That said, it’s not that hard to set up replication [0]. Properly tuning the various parameters, monitoring, and being able to fix issues is another story.

RDBMS is hard. MySQL is IMO the easiest to maintain up to a certain point, but it can still bite you in surprising ways. Postgres appears to be as easy on the surface, buoyed by a million blog posts about it, but as your dataset grows, so does the maintenance burden. Worse, if you don’t know what you should be doing, it just eventually blows up (txid wraparound from vacuum failures probably being the most common).

[0]: https://www.postgresql.org/docs/current/runtime-config-repli...

2 comments

> txid wraparound from vacuum failures probably being the most common

Hopefully OrioleDB can upstream all the necessary changes soon.
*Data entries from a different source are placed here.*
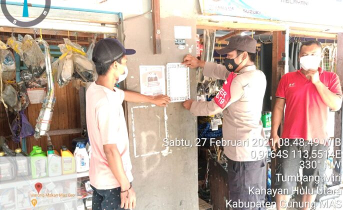 beritakalteng.com – KUALA KURUN – Bhabinkamtibmas Polsek Kahut, Polres Gunung Mas (Gumas) jajaran Polda Kalteng melaksanakan Sosialisasi tentang larangan membakar hutan dan lahan. Kegiatan dilakukan di desa Binaan Bripka Eka Junada, Sabtu (27/2/2021) pukul 13.30 WIB.
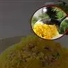 4. 蛋黄入热油锅中划开成小粒,分散在豆腐上,加植物油,然后放入蒸锅,蒸六七分钟即成。
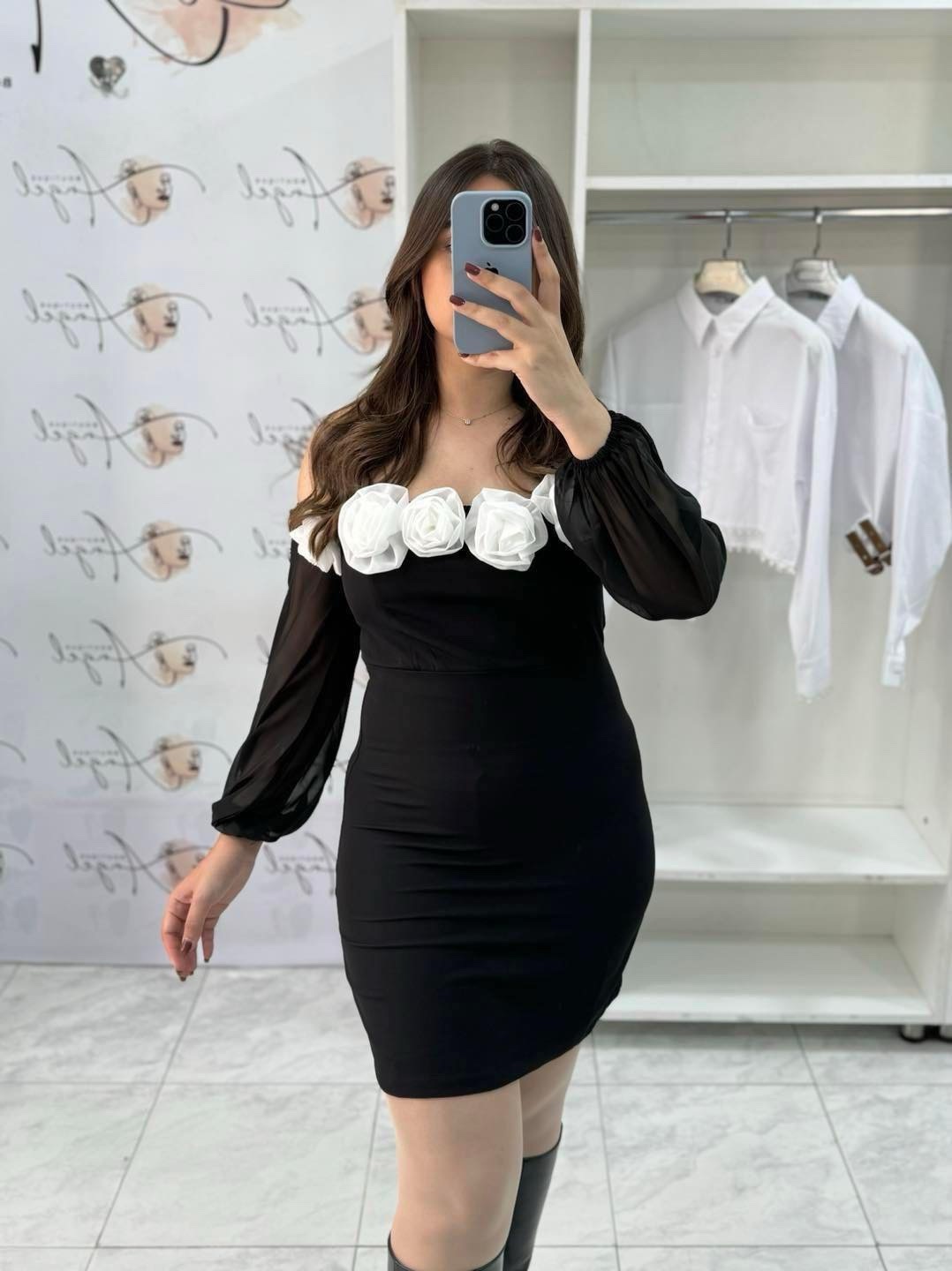 une jolie robe droite, a manches en mousseline, vous pouvez mettre les manches en bateau , le col contenant des fleurs démontables
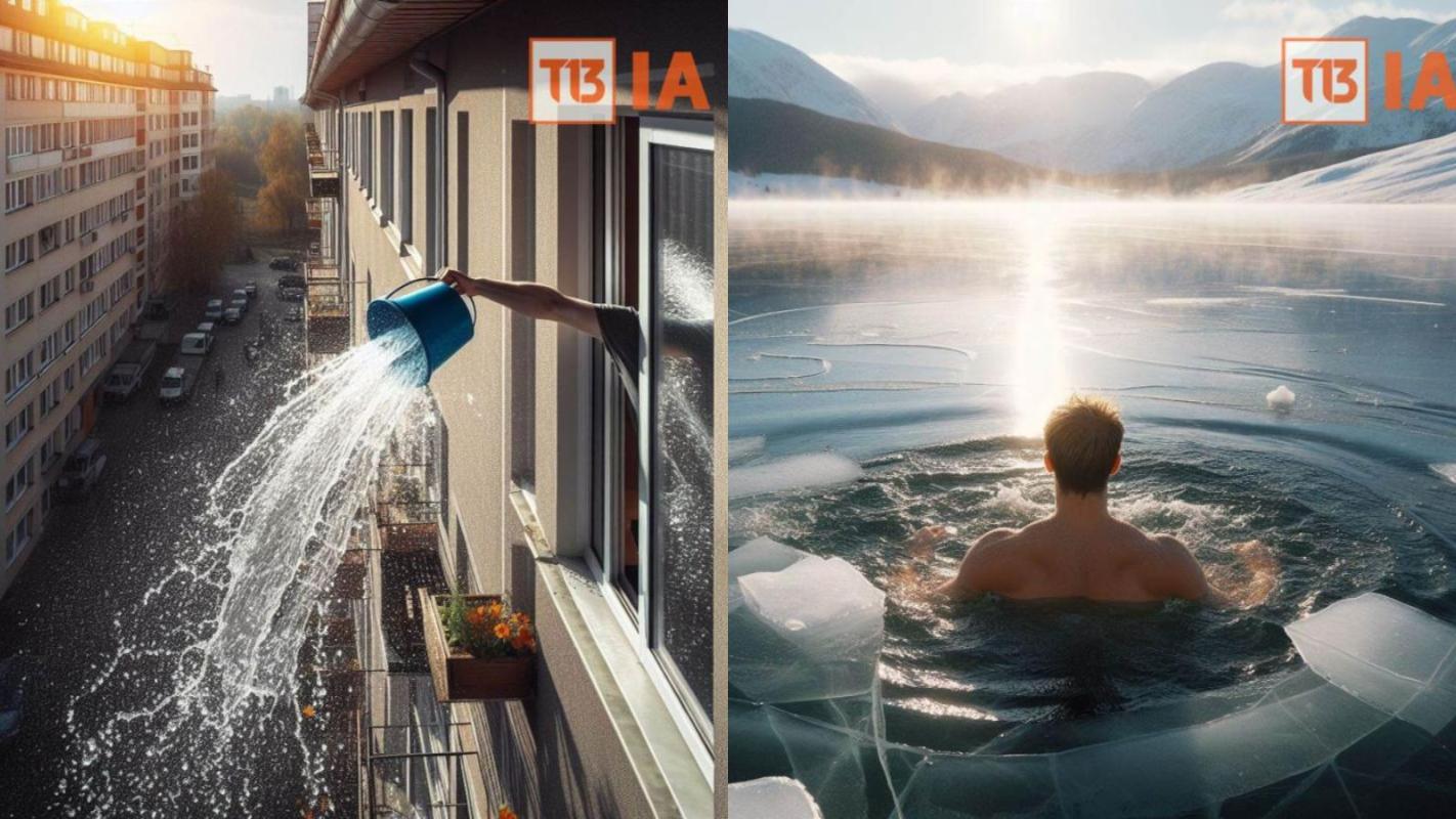 Foto creada con IA/Desde lanzar cubos de hielo hasta un chapuzón en aguas heladas: Las 5 cábalas y tradiciones más raras para recibir el Año Nuevo

For those who don't know, it's a storage engine for Postgres that uses undo logs instead of vacuuming old records.

OrioleDB maintains a very small set of Postgres patches that are targeted for upstream. The storage engine that mitigates the need for vacuuming [1] is implemented in a standard Postgres extension, so that will still need to be installed by the Postgres host in order to take advantage of it.

But yeah, looking forward to that day too!

[1] https://www.orioledb.com/blog/no-more-vacuum-in-postgresql

Yes, you are right, but I was thinking of the ease of having a high-availability setup and pgbouncer was the first thing that came to mind.

And yes, I read the documentation and it is still cumbersome to have an HA setup that is easy to maintain. This is what I mean and hope it is clearer now.